Bear
Nearly ten years ago now, Andy Dunn, Bonobos’ former CEO, wrote an essay titled “E-Commerce is a Bear.” Not much has changed since then.
While we won’t rehash Dunn’s entire essay here, we will pull one relevant piece:
The problem with e-commerce is that the joy of the consumer experience, extraordinary top-line growth, and market share theft are not yet met by strong business fundamentals for standalone e-commerce players.
If you’re selling other people’s brands, you are competing not via a local group of competitors but with everyone. In this type of market, you might imagine having one large national winner. You might imagine that winner is ruthless about scale and cost, and is run by a visionary leader who with an extreme long-term focus. Such a company might not make real money for a long time — but when it does — it will be incredibly powerful.
Such a company might also be smart about acquiring competitors who, when they reach scale, become a threat. Such a company might leverage an exceptional loyalty program to further share of wallet with customers, taking advantage of operating leverage in distribution. Such a company can be expected to move from vertical to vertical, leveraging that growing share of wallet, to become the nation’s biggest store.
Such a company exists.
It is called Amazon.
Dunn goes on to outline how even the best operators—Marc Lore and Tony Hsieh—fell to Amazon. Zappos, Hseih’s company and often venerated by consumers and industry players alike, was generating $10 million of EBITDA on $1 billion of gross revenue at the time of their acquisition, according to Dunn.
We’d argue this isn’t because Amazon is a bear, or even e-commerce is a bear. It’s because commerce, more globally, is a bear.
This week, there’s been a lot of talk about the viability of DTC and, by extension, the viability of brands who have built in a DTC-first way. But these takes are just a different version of Dunn’s essay from ten years ago: that commerce, no matter how you wrap it up and present it, is hard.
While we’ll be the first to encourage critical thinking and searching for weaknesses in well-established ideas, the talk this week does neither. And we find that silly. Broad hot takes don’t serve anyone particularly well.
(Side note: Since Dunn’s essay also offers some actionable advice—as opposed to just generally dunking on an entire industry—we’d steer your attention there.)
If you do, though, want to read critical thoughts about a particular channel, you can do that without reading the week’s DTC hot takes. Instead, pair Dunn’s essay with Brian Balfour’s four-fits framework (a popular series of blog post’s in the software and consumer technology space).

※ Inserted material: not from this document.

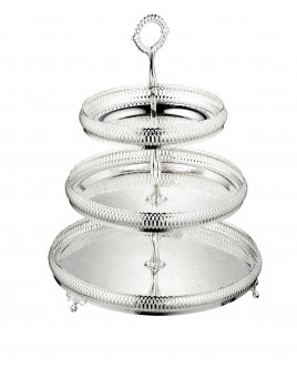 Silver Plated Cake Stand, comprising of 3 Galleried Patterned Plates, Diecast Stems-Handle and Legs on bottom plate.
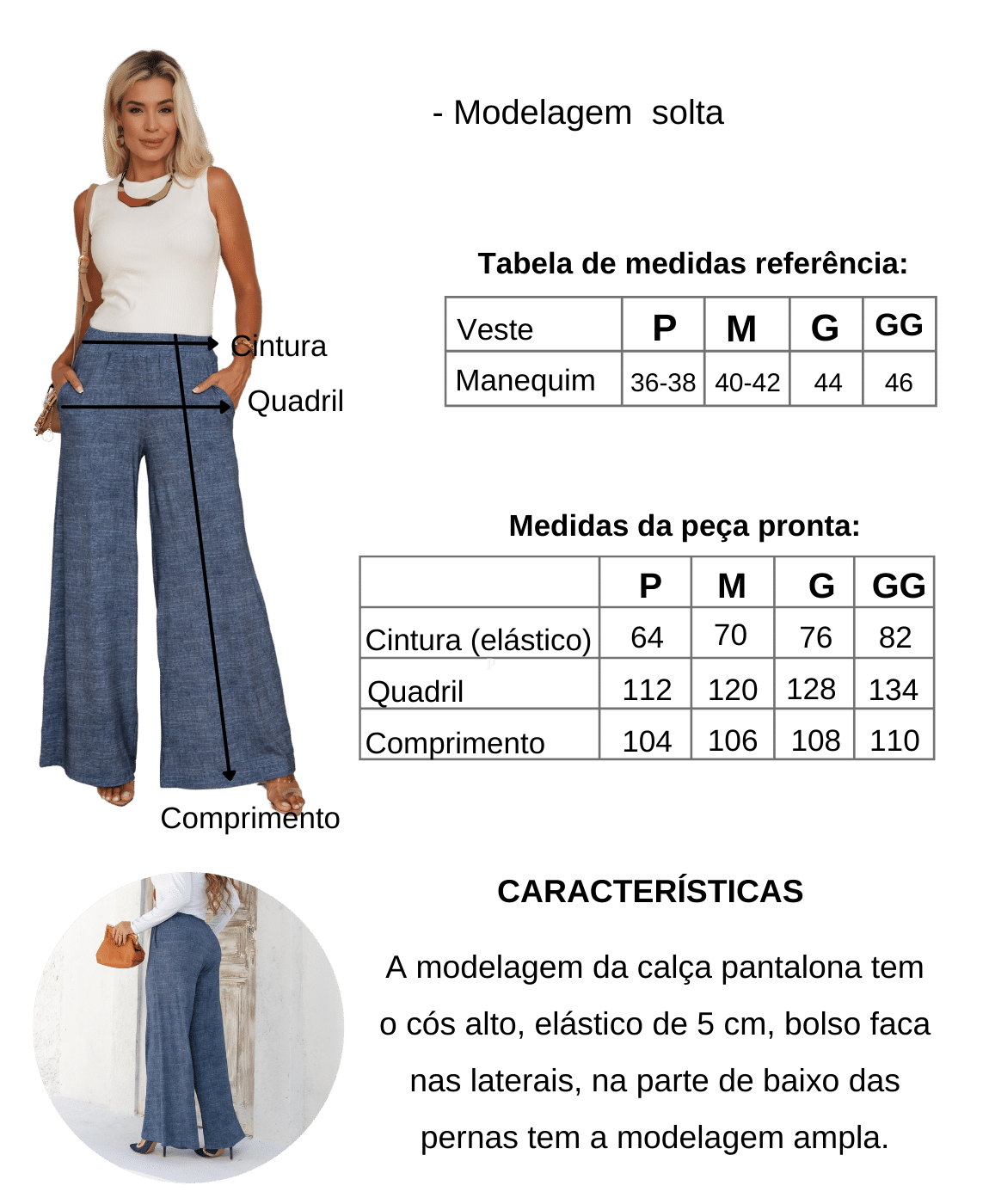 A Calça Pantalona tem a modelagem com o cós alto, elástico de 5 cm e bolso faca nas laterais. Com sua modelagem ampla nas pernas, ela se adapta perfeitamente a todos os tipos de corpo e pode ser usada em diversas ocasiões. Basta combinar com outras peças e acessórios para criar um look elegante e alongar a silhueta. O cós alto ainda ajuda a disfarçar a região da cintura, e você pode usá-la com qualquer tipo de calçado, do tênis ao salto alto. Arrase com essa peça versátil e cheia de estilo!

Balfour, in the posts, argues that Product-Market Fit isn’t enough. A business also needs to have Product-Channel fit, Channel-Model fit, and Market-Model fit.
In DTC, we’ve largely explored Product-Market and Model-Market fits while leaving the other two fits underdeveloped and underexplored.
One of our favorite lines in Dunn’s essay is the following:
With the grizzly bear in the room, what should everyone else do: give up?
Hell no, this is America. We’re capitalists and we’re fighters, and today’s David is tomorrow’s Goliath.
If Dunn’s right, and we believe he is, then DTC will continue to grow, continue to evolve, and continue to explore more of the frameworks available for expanding the industry.